Wicked Bite (Night Rebel #2)(68)
“You’re ignoring the fact that I wanted to do those good deeds.” My voice was flat. “What happens if I want to do something terrible when my other half is in control?”
Ian snorted. “Then the person you do it to will richly deserve it. You wouldn’t even murder your second-worst enemy when you thought she hadn’t remembered her foul deeds. I would’ve cheerfully slaughtered Ereshki, and I don’t have your supposedly malevolent other nature. Don’t blame it on Dagon’s power in me, either. I know what I am capable of without it.”

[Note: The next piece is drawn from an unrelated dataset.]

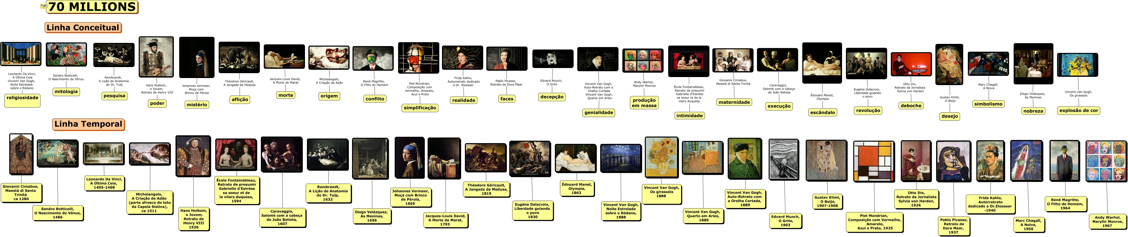 Esse mapa conceitual, produzido no IHMC CmapTools, tem a informação relacionada a: 70 MILLIONS, Marc Chagall, A Noiva simbolismo, Eugène Delacroix, Liberdade guiando o povo revolução, Gustav Klimt, O Beijo desejo, ???? Pablo Picasso, Retrato de Dora Maar, 1937, ???? Théodore Géricault, A Jangada da Medusa, 1819, ???? Caravaggio, Salomé com a cabeça de João Batista, 1607, Vincent Van Gogh, Os girassóis explosão de cor, Frida Kahlo, Autorretrato dedicado a Dr. Eloesser realidade, Piet Mondrian, Composição com Vermelho, Amarelo, Azul e Preto simplificação, René Magritte, O Filho do Homem conflito, Leonardo Da Vinci, A Última Ceia Vincent Van Gogh, Noite Estrelada sobre o Ródano religiosidade, ???? Hans Holbein, o Jovem, Retrato de Henry VIII 1536, ???? Johannes Vermeer, Moça com Brinco de Pérola, 1665, ???? Piet Mondrian, Composição com Vermelho, Amarelo, Azul e Preto, 1925, Caravaggio, Salomé com a cabeça de João Batista execução, Vincent Van Gogh, Auto-Retrato com a Orelha Cortada Vincent Van Gogh, Quarto em Arles genialidade, ???? Frida Kahlo, Autorretrato dedicado a Dr.Eloesser -1940, Giovanni Cimabue, Maestà di Santa Trinità maternidade, ???? Jacques-Louis David, A Morte de Marat, 1793, Théodore Géricault, A Jangada da Medusa aflição
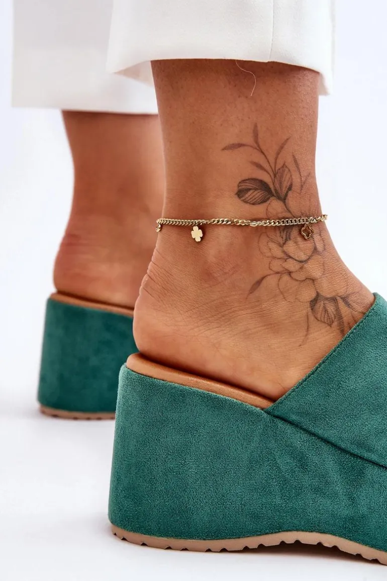 Wyjątkowe, damskie klapki zostały osadzone na masywnej platformie i koturnie. Wykonane z wierzchu z miłego w dotyku eko zamszu. Miękka wkładka została wykonana z eko skóry. Klapki posiadają odkryty nosek. Model ten posiada podeszwę z tworzywa sztucznego. Te klapki to świetny wybór na letnie, upalne dni! Przy wyborze rozmiaru prosimy sugerować się tabelą rozmiarów.

Each point bashed at walls that housed my long-buried doubts, hurt, and anger. I hadn’t always taken Tenoch at his word about me. It hadn’t seemed right that everyone else could mold their character based on their actions, while I had to accept that I was born defective. But, as Ian predicted, wondering if Tenoch had been wrong made the ground feel like it disappeared beneath me. Believing Tenoch had been the basis for almost everything I’d done. If I ripped that belief away now, how did I put myself back together? In many ways, it was easier to continue to believe Tenoch than confront the possibility that I’d lived my entire life based on a lie that the sire I adored had told me.
“That’s different,” I said to cover my roiling emotions.
He sighed. “It isn’t. You are one of the finest people I’ve met, to my great exasperation. If you were more selfish, you wouldn’t have stayed away from me after I was first brought back from the dead. You also wouldn’t have spared the little bitch we now have to track down, and you wouldn’t have caged half yourself away to the point that you damn near have a split personality. But you are ridiculously unselfish, which is one of the reasons I so enjoy holding you down to pleasure you before allowing you to touch me,” he added almost offhandedly. “You’re so used to putting yourself last that I truly savor making you come before I’m even inside you.”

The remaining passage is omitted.